This could be Centre Common Road, Chislehurst, or a tropical island beach.
By collecting bottles, bottle tops, Ball-point pens, single-use cups and cigarette-ends chucked from cars along Centre Common Road, yes: I am saving wildlife on Pacific islands thousands of miles away.
Members of the arse-end of humanity dump their rubbish anywhere and everywhere. Much of it is washed into the road drainage gullies, into the main sewer and on to the Sewage Treatment Plant at Crossness. A lot of it gets through the filtering screens and may reach the Thames Estuary. From there it flows into the North Sea and could finish up in any of the world’s oceans. This is augmented by trash dropped on beaches and thrown from boats. The filters on cigarette-ends contain non-biodegradable plastic. Smokers are the muckiest individuals on earth, chucking billions of cigarette-ends wherever they please.
The great Pacific gyre between southern California and Hawaii has an island of floating plastic three times the area of France and growing bigger by the day. Plastic items, including polythene bags and plasticised crisp packets, are ingested by fish and other animals, leading to their premature death.
The litter-bugs are ignorant of all this, as of much else and would not give a damn until some great fish tips a load of plastic rubbish into their bath water.

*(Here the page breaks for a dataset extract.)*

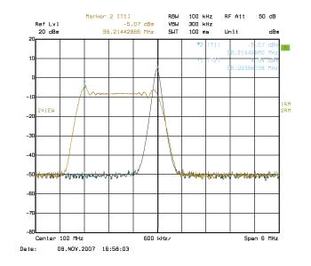 另一種可行解決方案是使用展頻振蕩器(Spread Spectrum Oscillator),來(lái)降低系統(tǒng)輻射出來(lái)的EMI電磁輻射干擾。圖4則顯示一個(gè)單頻信號(hào)的頻譜圖以及對(duì)該信號(hào)展頻后的頻譜圖。從圖中可知展頻后的頻率信號(hào)如何降低原來(lái)在接近100MHz的峰值。

The recent programme by Liz Bonnin, on BBC 1, Drowning in Plastic, should be compulsory viewing for the entire nation.
The government should impose an immediate ban on the manufacture of plastic bottles and single-use cups. Such a move would not inflict the slightest damage on the economy.
A bottle of water has become a fashion accessory. What’s the problem?
Is there a threat of imminent drought? Has some crazy doctor recommended constant flushing of the kidneys?
Why not go to a tap, when necessary?
Why not have a cup of tea and save the planet?